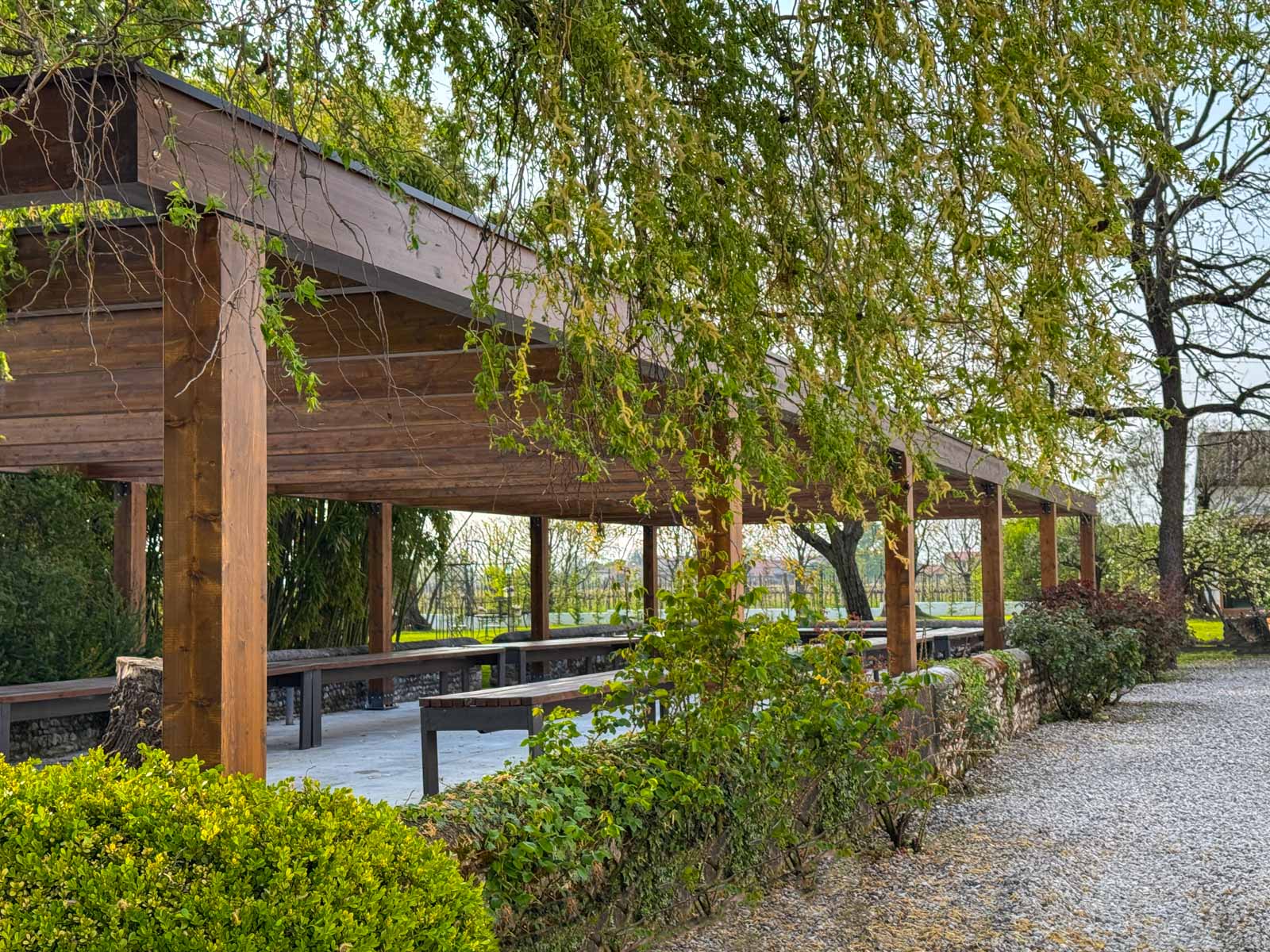 Realizzazione di pompeiana in legno stile Cube (struttura senza copertura), progettata come grande spazio d’incontro all’aperto all’interno di una cantina del trevigiano. Con una superficie di oltre 90 m², la struttura crea un’area ombreggiante e ordinata, ideale per meeting, degustazioni ed eventi aziendali.
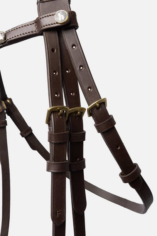 The Horze Somerset Bridle is cut anatomically and padded at nose and neck, giving your horse the highest comfort. The U-shaped brow band with sparkly crystals adds an elegant look. Convenient snap buttons make it easy to change if you need a plain brow band. Metal fittings match the soft nappa leather of the bridle perfectly.
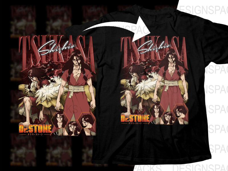 Show your love for Dr. Stone with this Tsukasa Shishio T-Shirt! Featuring dynamic artwork of Tsukasa in various poses, it's a must-have for anime fans.
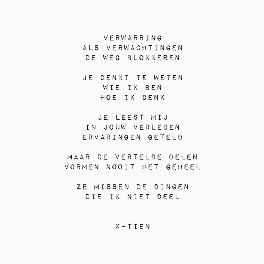 Uit alles wat ik hoor, zie en voel trek ik conclusies. Altijd, met mijzelf als uitgangspunt. Ik weet niet hoe ik de wereld anders moet interpreteren.
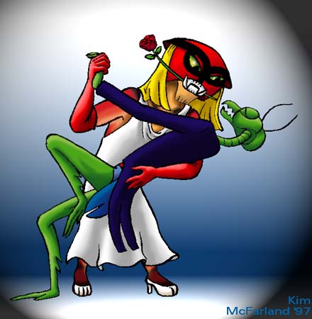 Two To Tango (or, My Mantis Looks Dashing in a Tux) This drawing, based on the cover of a "Lobo" comic book, bubbled to the surface at 3:00 AM after watching several hours of Cartoon Planet with some friends. This may prove that Cartoon Planet is a hallucinogenic substance.
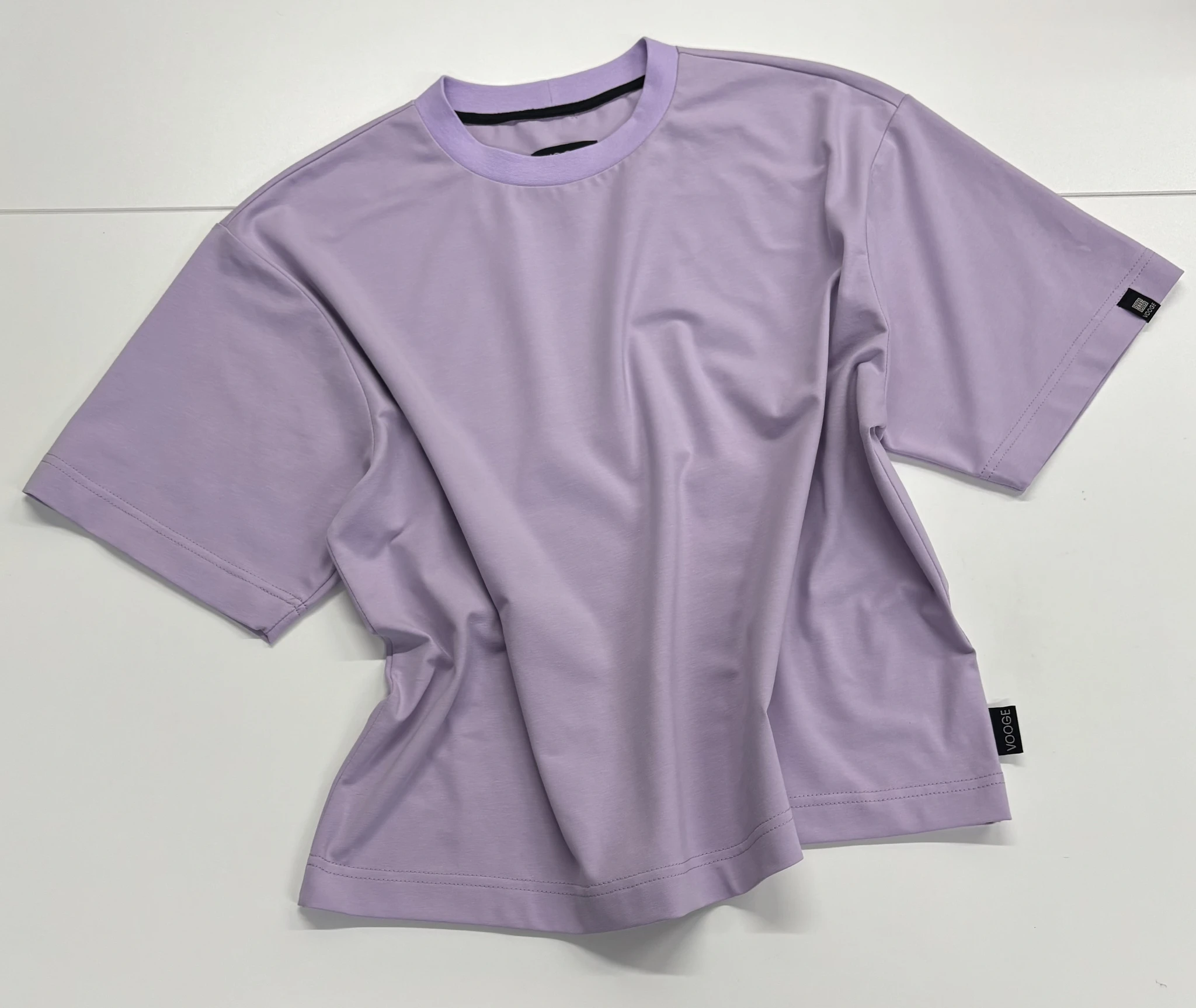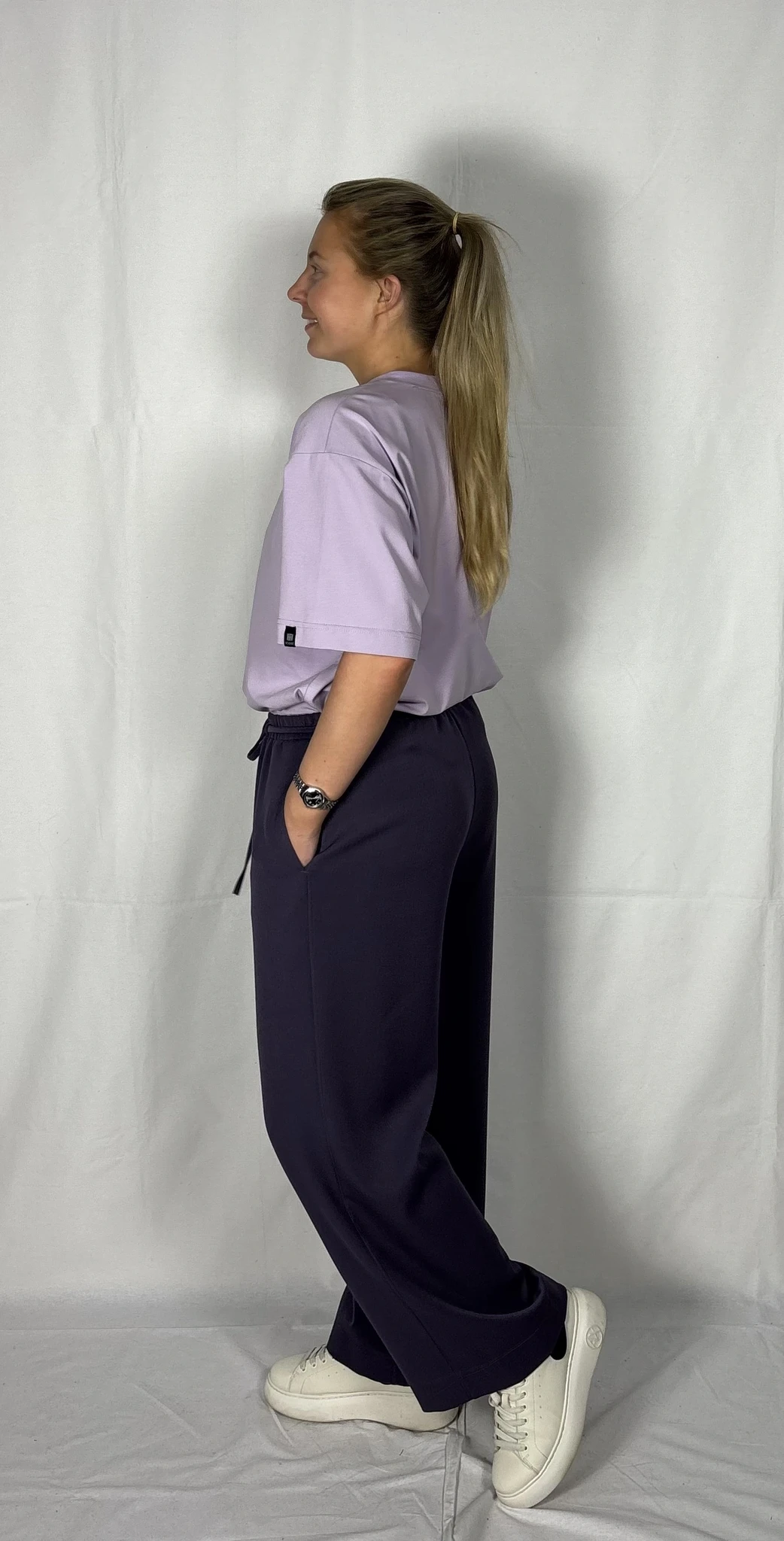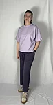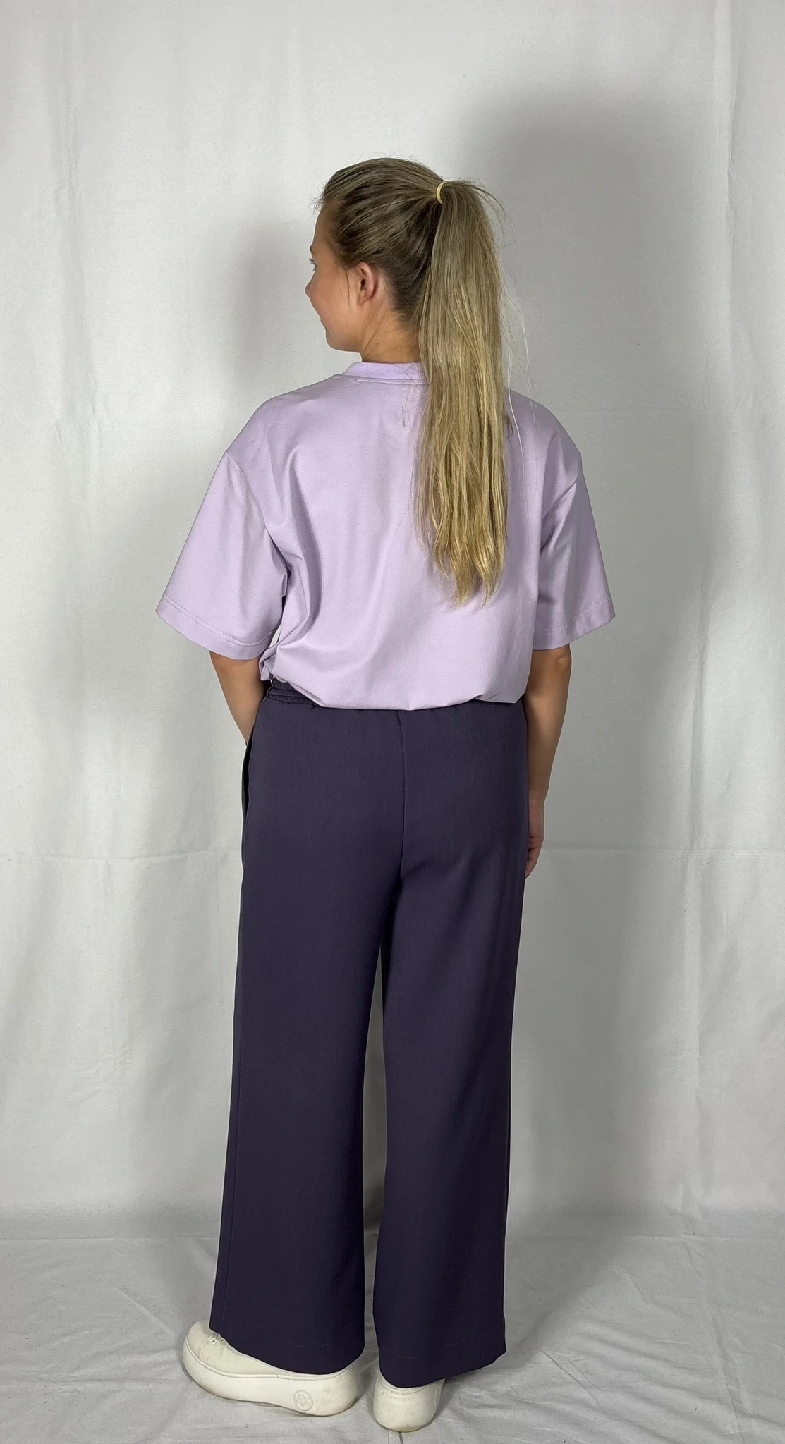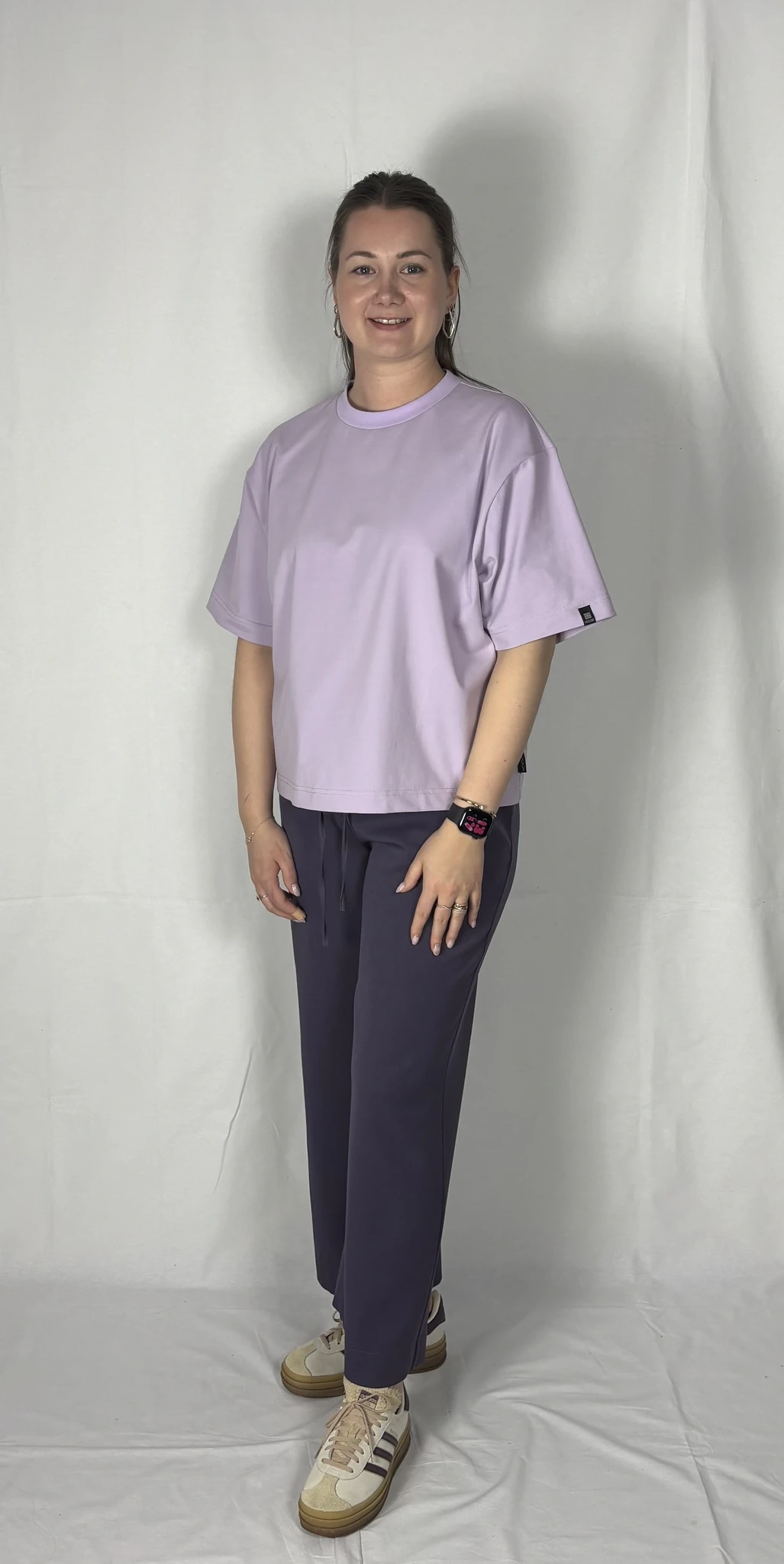 Modellil on seljas musta värvi T-särk,suurus M ja helelillat värvi särk, suurus M.

### Task item:
Every entry above needs to be printed again exactly, with its pictures left out.

### Answer to this task:
 Realizzazione di pompeiana in legno stile Cube (struttura senza copertura), progettata come grande spazio d’incontro all’aperto all’interno di una cantina del trevigiano. Con una superficie di oltre 90 m², la struttura crea un’area ombreggiante e ordinata, ideale per meeting, degustazioni ed eventi aziendali.
 The Horze Somerset Bridle is cut anatomically and padded at nose and neck, giving your horse the highest comfort. The U-shaped brow band with sparkly crystals adds an elegant look. Convenient snap buttons make it easy to change if you need a plain brow band. Metal fittings match the soft nappa leather of the bridle perfectly.
 Show your love for Dr. Stone with this Tsukasa Shishio T-Shirt! Featuring dynamic artwork of Tsukasa in various poses, it's a must-have for anime fans.
 Uit alles wat ik hoor, zie en voel trek ik conclusies. Altijd, met mijzelf als uitgangspunt. Ik weet niet hoe ik de wereld anders moet interpreteren.
 Two To Tango (or, My Mantis Looks Dashing in a Tux) This drawing, based on the cover of a "Lobo" comic book, bubbled to the surface at 3:00 AM after watching several hours of Cartoon Planet with some friends. This may prove that Cartoon Planet is a hallucinogenic substance.
 Modellil on seljas musta värvi T-särk,suurus M ja helelillat värvi särk, suurus M.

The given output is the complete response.